The EPYC line-up is differentiated largely on number of cores, split across three tiers, with 32, 24 and 16 core versions. All have clock speeds above 2GHz and can boost this up to a maximum of 3.2GHz if required.

Internally, the new EPYC processors differ not just from Intel’s Xeons but also from AMD’s earlier Opteron products in that they are actually four separate silicon dies linked together. The reasons for this are that it is much cheaper to produce these smaller chips than one monolithic die.

Each die has two memory channels and up to eight cores, and these dies are cross-linked using a new interconnect called Infinity Fabric. Every EPYC chip can therefore be thought of as a four-node compute cluster inside a single chip package.

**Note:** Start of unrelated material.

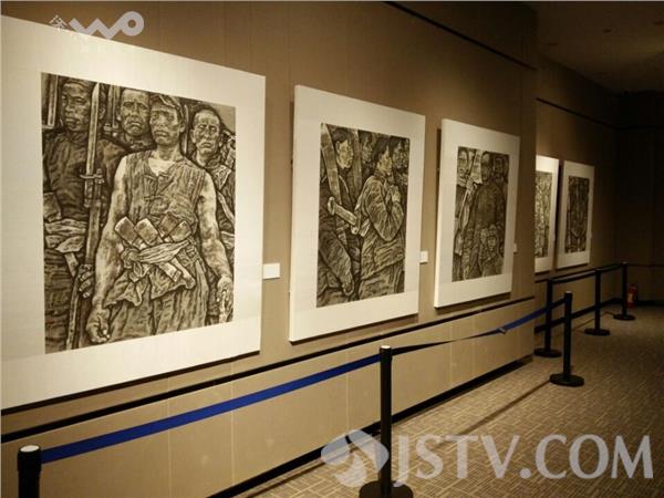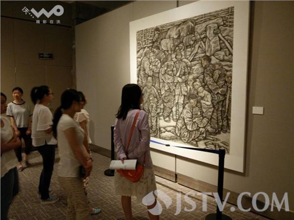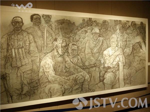 这次“浴火”画展,是中国人民抗日战争暨世界反法西斯战争胜利70周年一次重大的活动,本次展览选取了自1979年至今的108幅战争题材的作品,直面黑暗,直面战争,以恢弘的气势,大气的笔触,歌唱着中国人民在国家和民族遭到日本侵略者践踏和蹂躏的时所做出的伟大牺牲。每幅作品都承载着厚重的历史,满含着中华民族的伤痛耻辱与不屈不挠的精神,点亮了每一位中国人的良知与觉醒。特别是赵奇老师特意为本次南京展览创作的一幅十几平尺的大画《长歌?南京英魂》,以一种纪念碑式的画面纪念68年前的那场大规模屠杀和南京战士的浴血卫城,画面虽简洁,却蕴含着极为丰富的的内容,吸引了大量观众驻足围观。

Infinity Fabric is the key to making this work. It is described as a souped-up successor to the HyperTransport links used with AMD’s Opteron chips, offering bandwidth of 42GB per second for each bi-directional link. In a two-socket EPYC configuration, four Infinity Fabric links are also used externally to connect the two processors, so that there are no more than two hops between any two dies in the entire system.

Looking ahead, AMD said it is already developing a successor to these EPYC chips, which will be based on a new Zen 2 core design and produced on a 7nm manufacturing process. A further generation based on a Zen 3 core is also in the works.

However, for the moment AMD believes it has delivered what it set out to do, according to senior vice president and chief technology officer Mark Papermaster.

“This is just the beginning to get ourselves back into the server market and high performance, and you have our commitment that we are back to stay.”